There are many approaches to acquiring funding for a software as a service (SaaS) company. These web based software platforms provide users value through interaction with the program. An example of a popular SaaS is Salesforce CRM software. These types of companies are very popular for venture capital firms if they have market viability because they can scale quickly for an early exit, have some of the best profit margins out of any industry and have the potential to obtain a defensible market position.
Several methods of acquiring funding for a SaaS company exist, however the methods of receiving it depend upon several factors. These factors include the age of the business, risk factors, total funding requirements, credit level and the general preferences of the management team. For companies that are in the start-up phases, it also depends on whether or not the technology has been developed. This article will cover the various methods of obtaining funding for a SaaS company and analyzing which factors hold the highest potential for your specific needs. For additional information or a free consultation, Pro Business Plans can help your company to understand more deeply into this and build a plan to assist in the funding process.
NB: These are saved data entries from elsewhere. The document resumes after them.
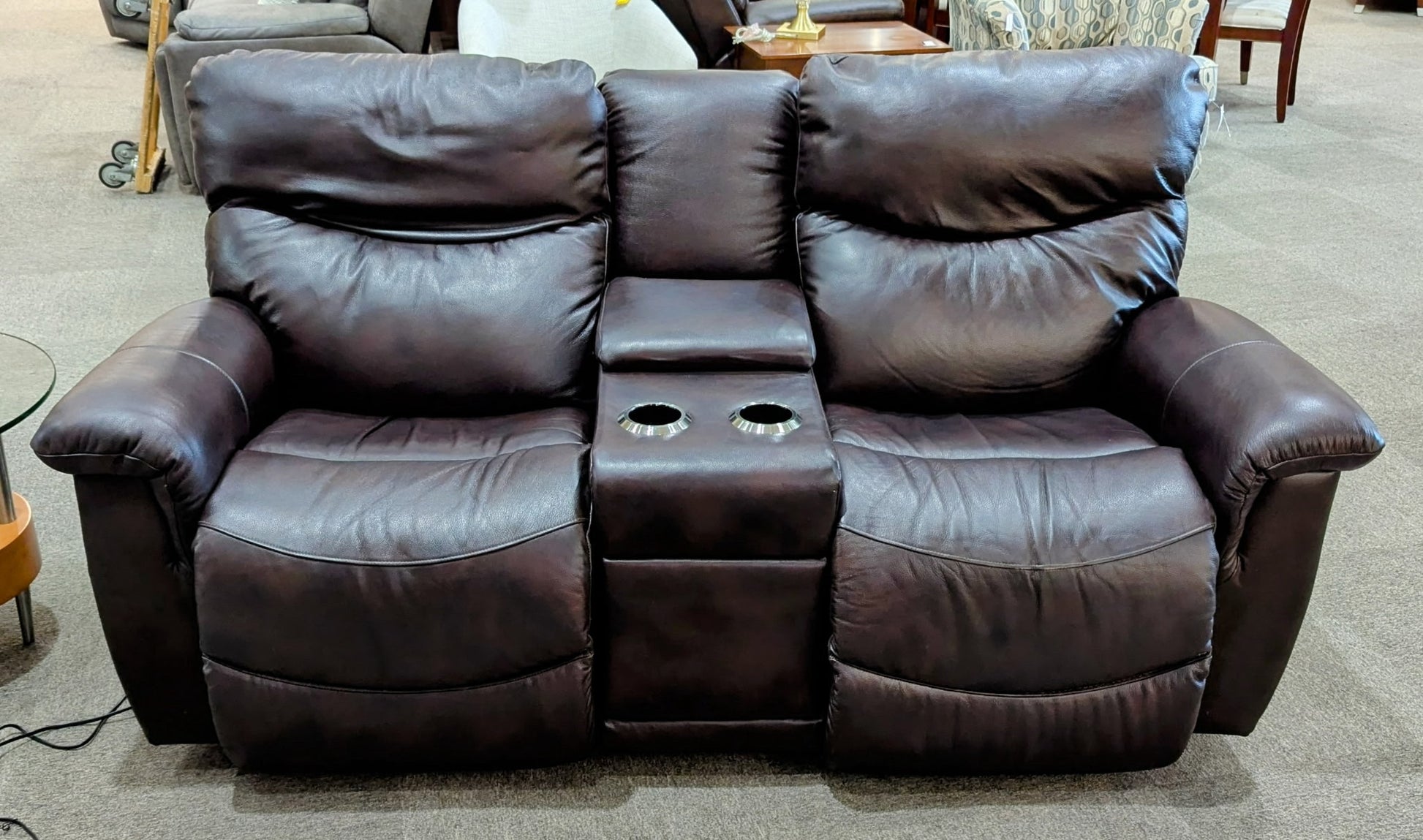 DARK BROWN LEATHER POWER RECLINING LOVESEAT WITH MIDDLE CONSOLE.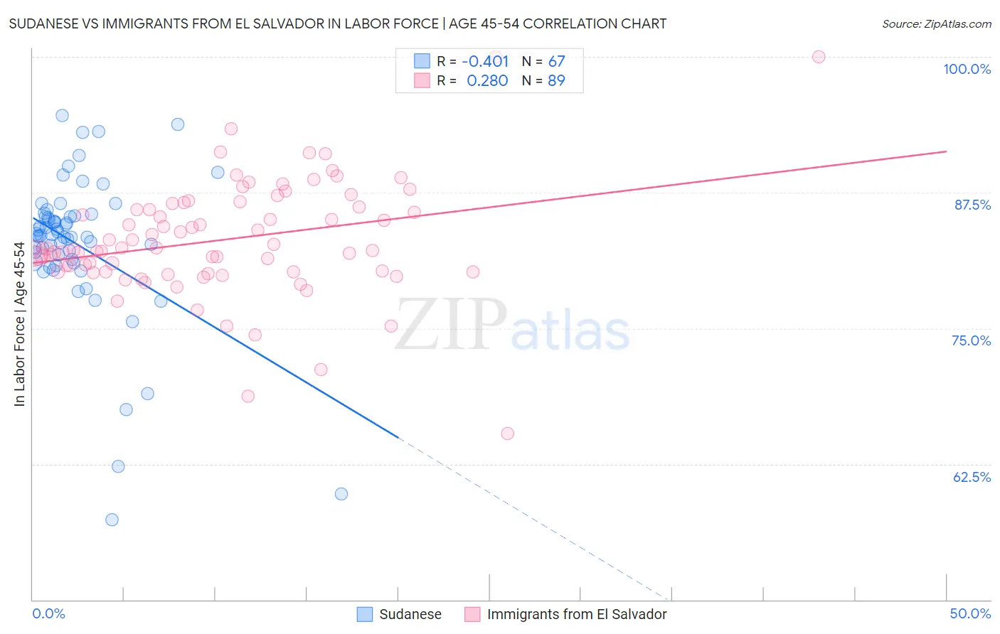 Sudanese vs Immigrants from El Salvador In Labor Force | Age 45-54 Correlation Chart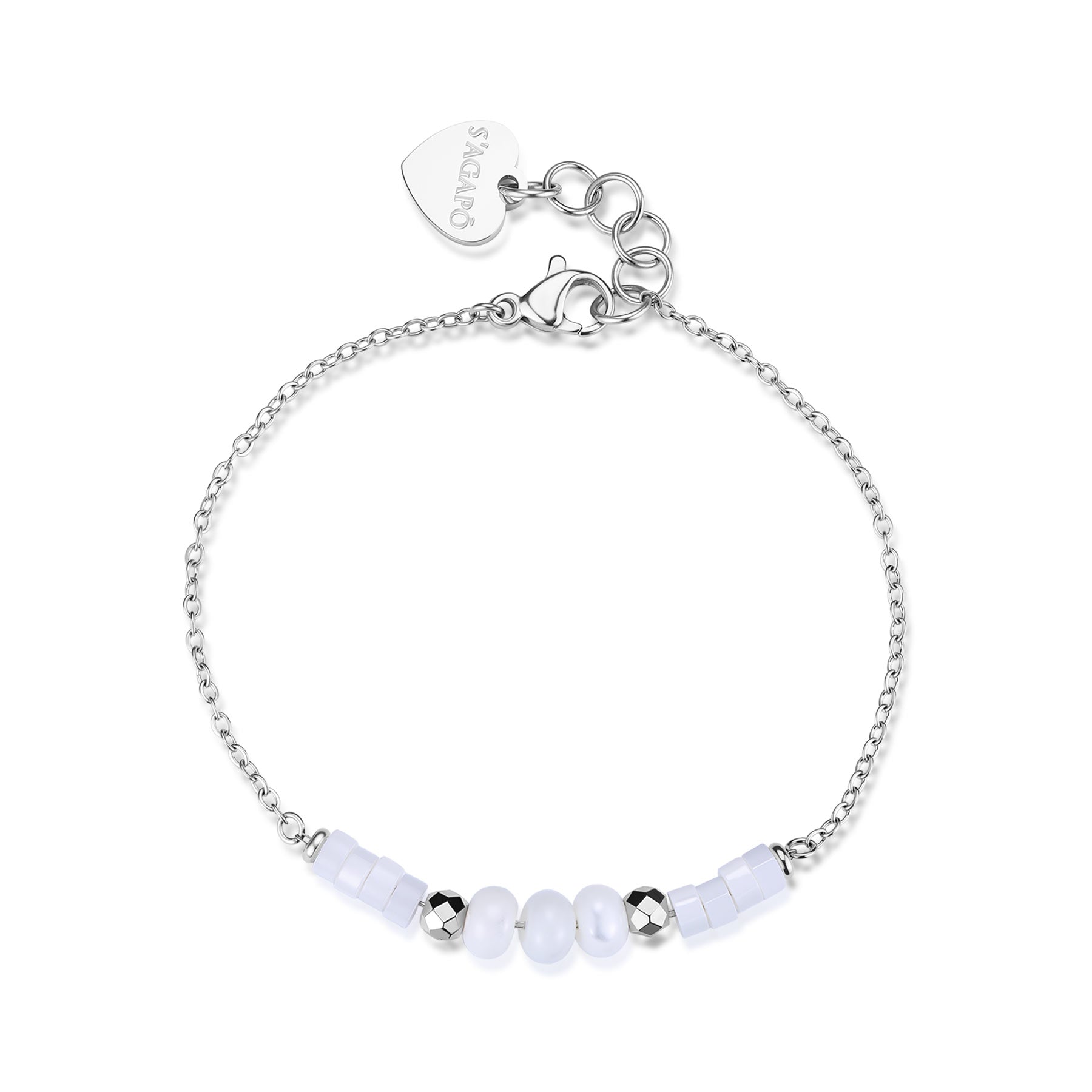 Bracciale in acciaio 316L e pietre in madreperla sintetiche.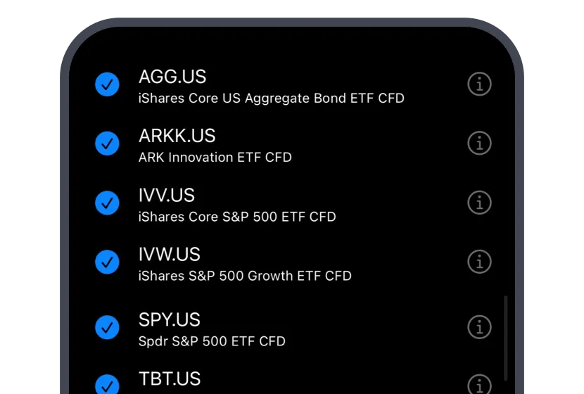 Trade ETF CFDs to gain access to a broad portfolio and track indices, sectors, or global markets without picking individual stocks.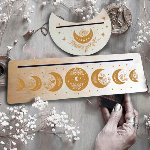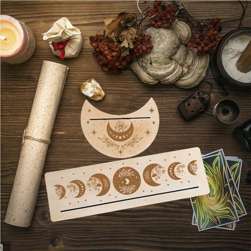 GORGECRAFT 2 PZ Supporto per Carte in Legno per Tarocchi 5" a Forma di Luna e 10" Rettangolari in Legno Tarocchi Supporto per Altare Strumenti di Divinazione Strega Forniture (Fase Lunare e Fiore)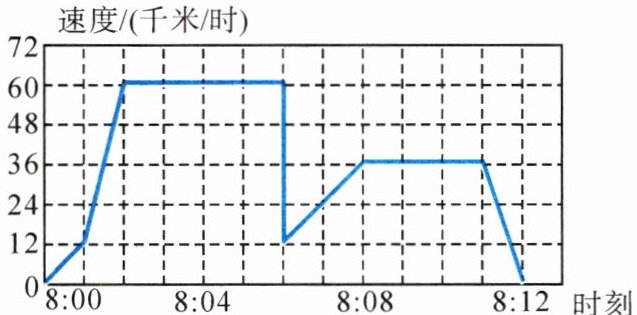 某天,王叔叔早上$8:00$从家开车去上班,半途中突然有一只猫冲到车前,他用力刹车才没有撞上猫。之后,王叔叔继续开车去上班。曲线图是王叔叔行车的速度记录。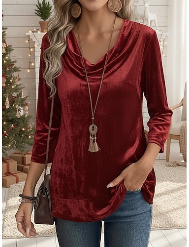camicetta donna camicetta basic casual paillettes manica lunga regular top girocollo quotidiano rosso fucsia autunno inverno
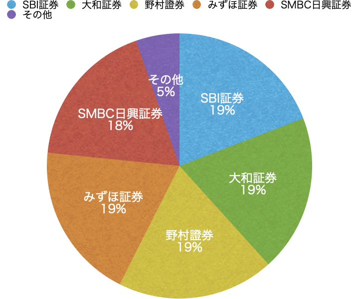 SBI証券・大和証券・野村証券・みずほ証券・SMBC日興証券です。

Venture Capital & Angel Investors
While seeking a venture capitalist to supply small development fees may be challenging and an angel investor may be better, there are many venture capital funds covering SaaS companies. It is important to understand that not all venture capital companies are the same, this is a mistake that many people needing to fund their SaaS business grow confused with. Even with an excellent technology and implementation, if a venture capital company is not aligned with your sector or business type, they may completely ignore the opportunity.
When approaching a venture capital firm with opportunities related to your SaaS business, do your research on them and the management team. Look at similar companies that they have funded and ask yourself if you could see your company fitting into the group. Focusing your efforts on developing highly targeted proposals to a limited number of venture capital firms will be much more effective than sending large e-mail blasts. Venture capital funding is best when your company is seeking over $1.0 M in funding, especially if they have a broad industry network and are willing to help your company grow in other means by providing strategic support or access to their extended network pool.
The debt financing is best for companies that do not want to give away ownership into the business. Considering the risk level of a company, it is extremely risky for banks to finance start-ups without collateral of the owner. For the same reason, it is very risky for an owner to use his or her own assets as collateral for financing a start-up company. Taking on debt to grow any business is risky, but if the company has significant upside potential, it can also mean saving millions of dollars or even voting potential into one’s SaaS business.
Obtaining loans are popular in North America, as subsided government loans with competitive interest rates exist for the United States and Canadian markets. Loan programs from the Small Business Administration (SBA) or Canadian start-up banks provide the opportunity to fund early phase ventures and other similar subsidized loans are available for business expansion.
Before taking on debt, review the company financials and measure the risk of taking on the principle and interest payments monthly. Consider how such payments will impact the short-term performance of your company with the current cash flows. If your business is pre-revenue, it is advisable to be generating sufficient profits to cover the payments on the debt monthly. Hoping that profits will cover this after the investment is injected into the company entails risk.